WWARN cross-cutting themes

Led by Professor Jennifer Flegg, University of Melbourne. The geospatial modelling cross-cutting research theme aims to develop data-driven, predictive maps of the changing landscape of antimalarial resistance. For example, using molecular mutations associated with sulfadoxine–pyrimethamine (SP) resistance in the parasite dhps and dhfr genes, continuous predictive surfaces in space and time are inferred using Bayesian model-based geostatistics over the spatial domain of sub-Saharan Africa and over time. These maps fill in the gaps where no information is available and can be use to guide new policies about where and when SP is appropriate to use as preventive treatment.

Led by Professor Julie Simpson, University of Melbourne. The statistical methodology cross-cutting theme aims to develop and evaluate advanced statistical methods and integrate mathematical and statistical modelling approaches to improve the treatment of infectious diseases. For example, safe primaquine dosing regimens for vivax malaria patients with impaired G6PD activity will be determined using mechanistic mathematical models that simulate the production and destruction of red blood cells and these models will be validated using Bayesian methods. A Bayesian estimation-simulation framework will be evaluated and implemented to inform the design of early phase studies of new antimalarials. A comprehensive evaluation of meta-analytic approaches for evidence synthesis using both simulation and case studies will be conducted to guide the statistical framework for future IDDO individual patient data meta-analyses.

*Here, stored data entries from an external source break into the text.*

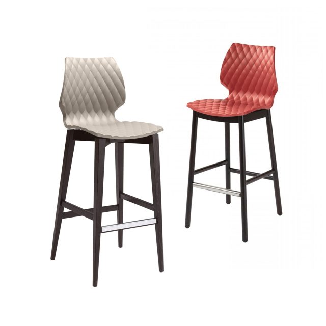 La collezione di sedute Uni concepita da Francesco Geraci è un’icona di et al.: le varianti a sgabello mantengono la scocca in polipropilene con la caratteristica texture, libera o imbottita, qui sostenuta dalle quattro gambe in legno a sezione quadrangolare.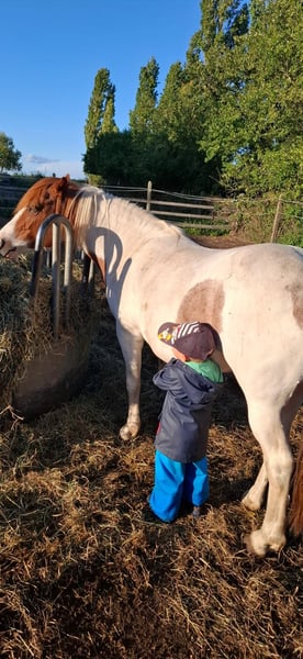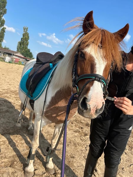 Hello, I am Pauline Blue Eyes, but you can call me Xanti. I am a Pinto mare, approximately 1.33 m tall, born in 2015, making me 10 years old, and I have a chestnut coat with white markings. I am familiar with being in a box, but I currently live in a mixed herd in a paddock, and I would prefer to stay that way. I get along fine with Shetlands or larger horses; I am rather low in the hierarchy and adapt to any situation. I am looking for my person, someone with time and patience for me. Sometimes I can be a typical pony with a stubborn streak and prefer to do my own thing. On other days, I am very sweet and allow myself to be lunged and ridden at the walk, trot, and canter. I generally enjoy jumping. Since my current family has little time for me and I really need regular training, with assertiveness yet a lot of calm and love, they have made the difficult decision to find a new, experienced home for me where I can receive the attention I seek and need. The farrier is no problem for me (barefoot), I enjoy being groomed, and I willingly go into the trailer. Here, I have hay 24 hours a day and pasture in the summer. Leading along the road, tractors, trucks, and motorcycles are not an issue for me. Generally, I am quite fearless and go in and through everything. Therefore, I also need a securely fenced paddock and a pasture with electric fencing. That should generally be the case, but I prefer to mention it again. For further questions, please feel free to contact my family at 0172 53 63 327. I look forward to meeting you!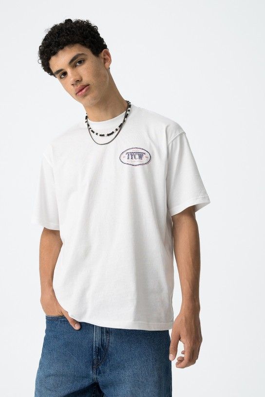 T-shirt de gola redonda e manga curta. Estampado all over.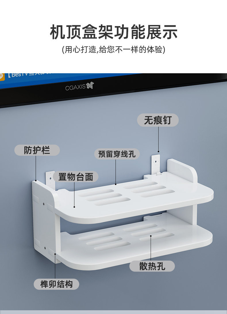 라우터 스토리지 랙 거실 침실 TV 셋톱 박스 랙 벽 구멍 없는 벽걸이 WIFI 보관함스토어 가기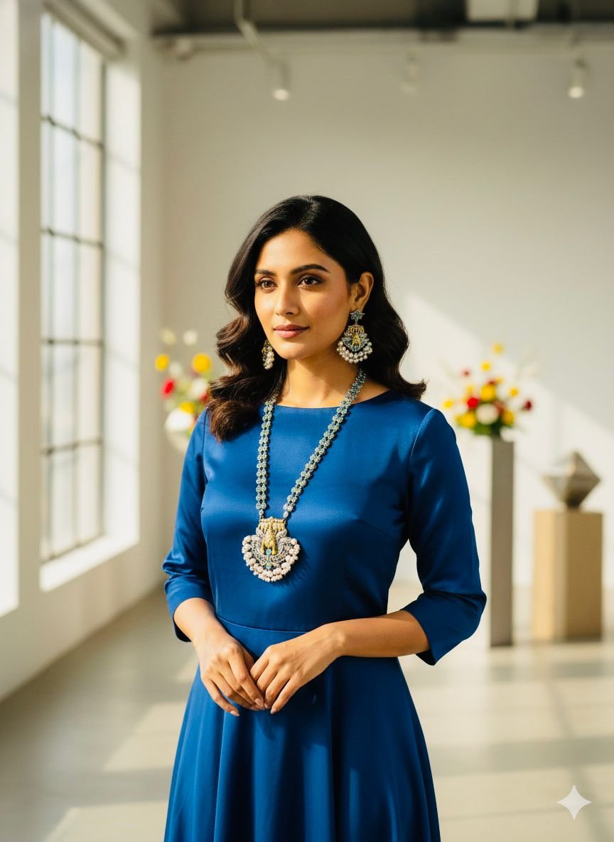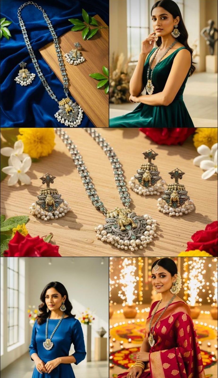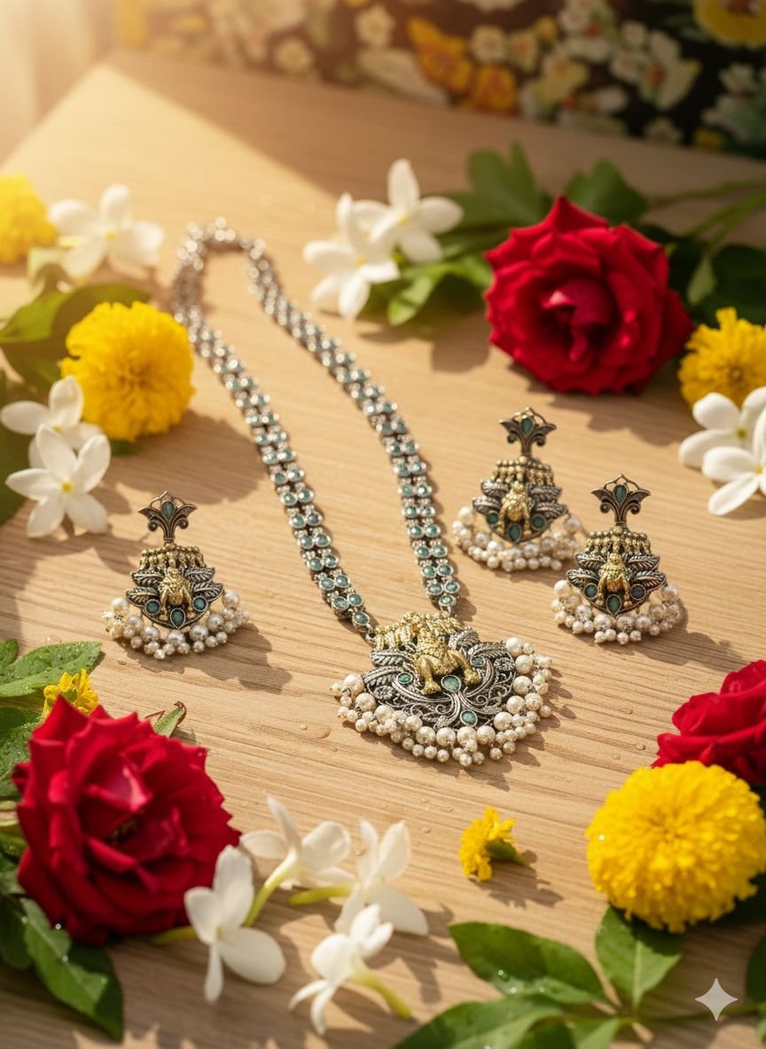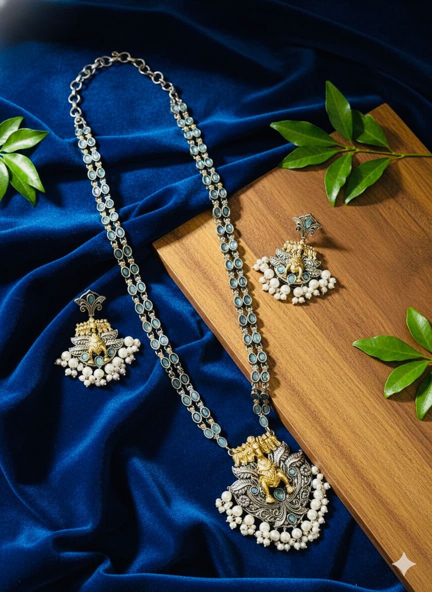 Yeh premium quality silver replica necklace set traditional symbolism aur fine craftsmanship ka beautiful combination hai. Necklace ke centre me Seven Horses design diya gaya hai, jo positivity, progress aur success ka pratik mana jata hai. Is set me high-quality brass base, elegant silver finish, subtle blue stone detailing aur neeche pearl hanging di gayi hai, jo isse ek rich aur graceful look deti hai. Matching earrings ke saath yeh set festive wear, pooja aur special occasions ke liye perfect choice hai.
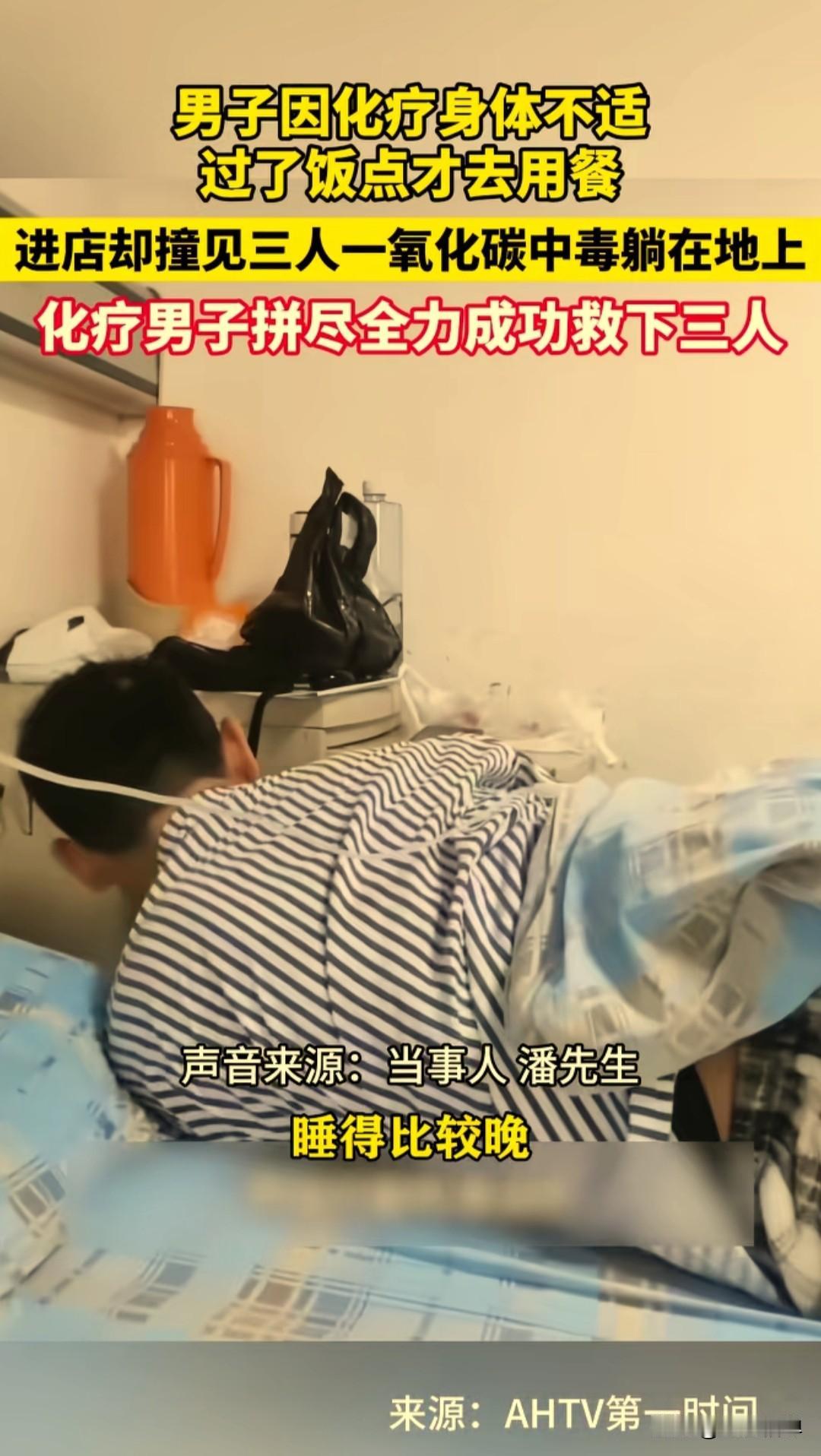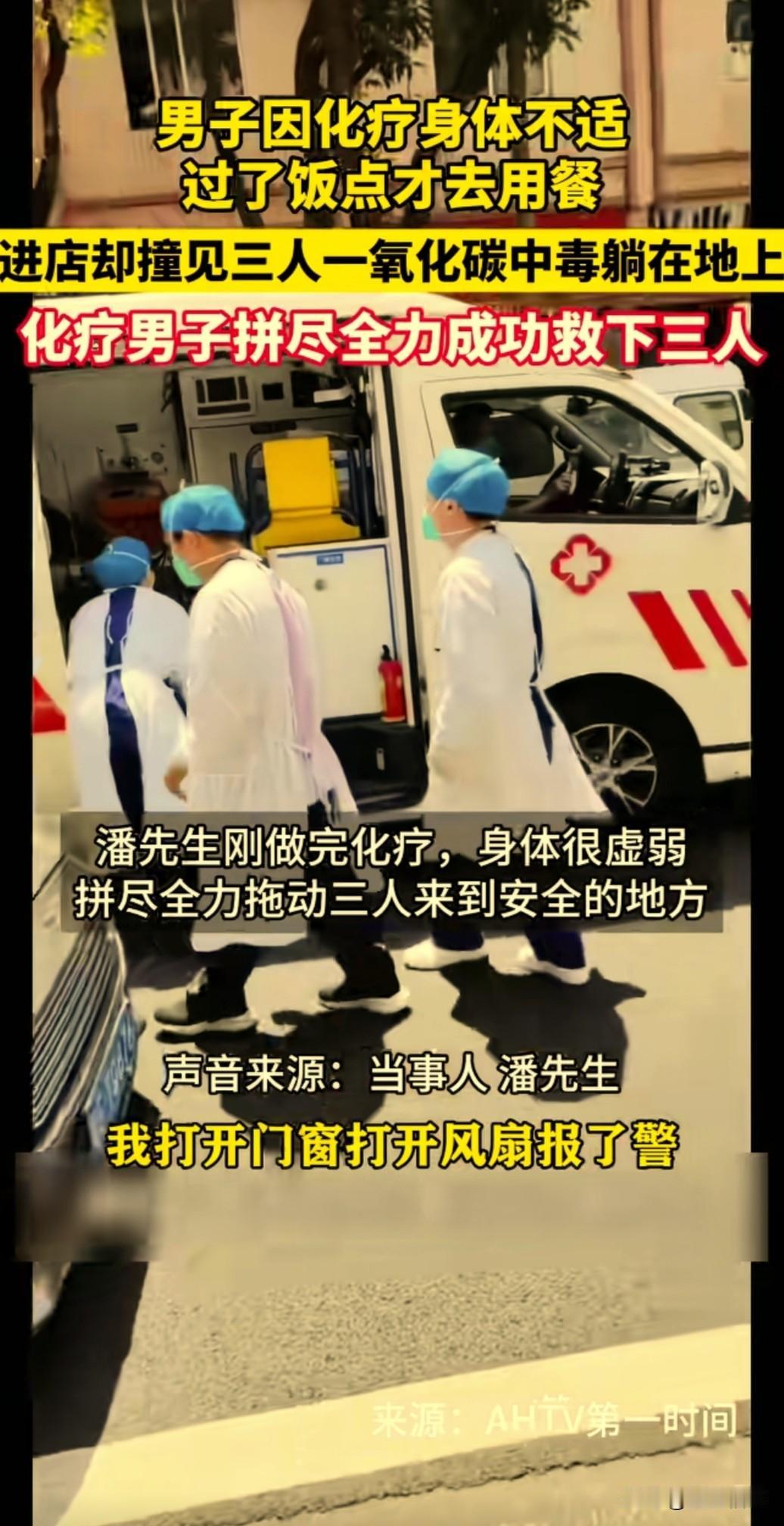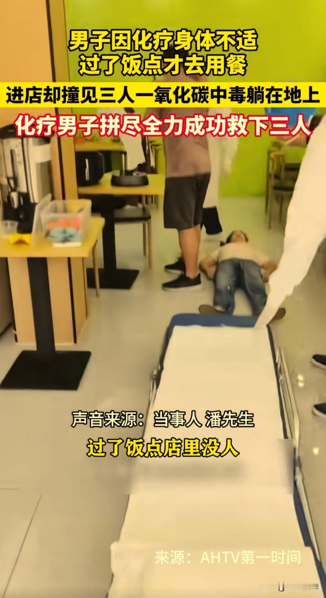 近日在广东佛山,27岁的小伙潘先生,因不幸得了肝癌,在医院住院期间,刚做完化疗身体不太舒服,就睡到中午三点才去吃饭,没有胃口想吃点清淡的,就去吃肠粉。 一进店里就发现大厅晕倒躺着两个人,厨房也有一个阿姨躺在地上,潘先生敏锐的发现他们可能是一氧化碳中毒,进去厨房检查了煤气罐没有关。 身体虚弱的他立即采取行动,关了煤气,把他们全拖到大厅,打开门窗通风并打开了电风扇,然后打了报警电话和120电话叫了救护车。 过了两天民警联系了潘先生,说因为他及时的发现和正确的处置,3个人都已经脱离危险了,最严重的那位厨师大哥也救过来康复了,成功避免了一起悲剧的发生。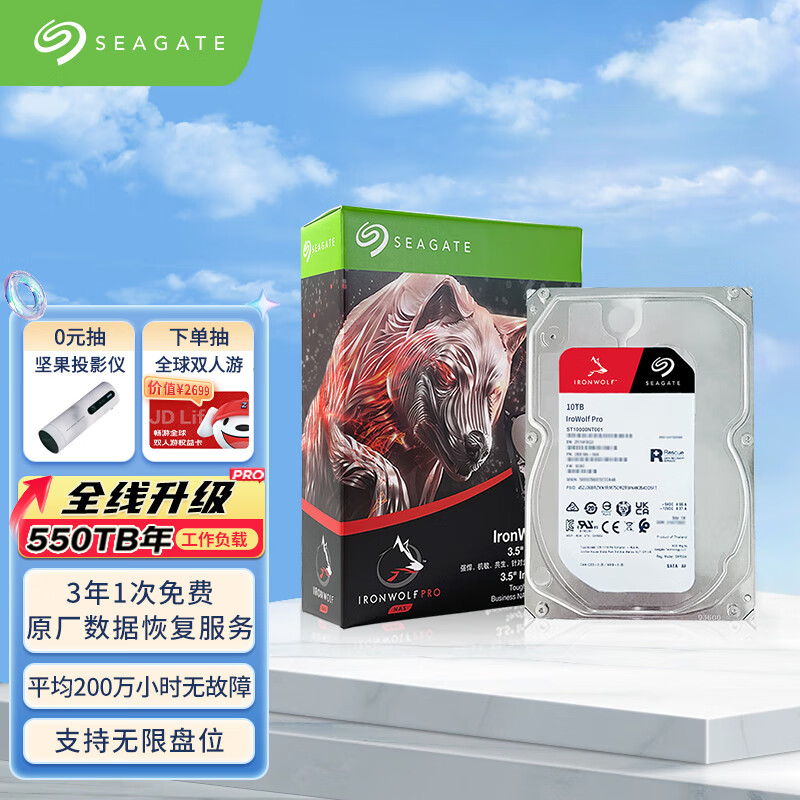 希捷(SEAGATE)NAS硬盘10TB 企业级 256MB 7200转 CMR垂直 SATA 希捷酷狼PRO 机械硬盘 550年负载 数据恢复服务价格:2599.00元!

Led by Professor Joel Tarning, University of Oxford. The pharmacometrics cross-cutting theme focuses on developing and implementing advanced pharmacometric modelling techniques to optimize drug dosing, efficacy, and safety in the treatment of neglected tropical diseases (NTDs). This includes the application of pharmacokinetic-pharmacodynamic (PK-PD) modelling and physiologically-based pharmacokinetic (PBPK) modelling to improve therapeutic strategies. We use a pharmacometric modelling and simulation framework to identify particular groups of patients with lower drug exposures and to suggest an evidence-based optimal dosing strategy for these patients. This has been successfully used in individual level patient data meta-analyses in malaria, finding that young children were under-dosed in the treatment of uncomplicated and severe malaria. A modelling and simulation approach were used to develop an optimal dosing in this underserved population, which was used to inform global treatment guidelines for malaria. We aim to continue and expand this work into all of the disease areas covered by the IDDO platform.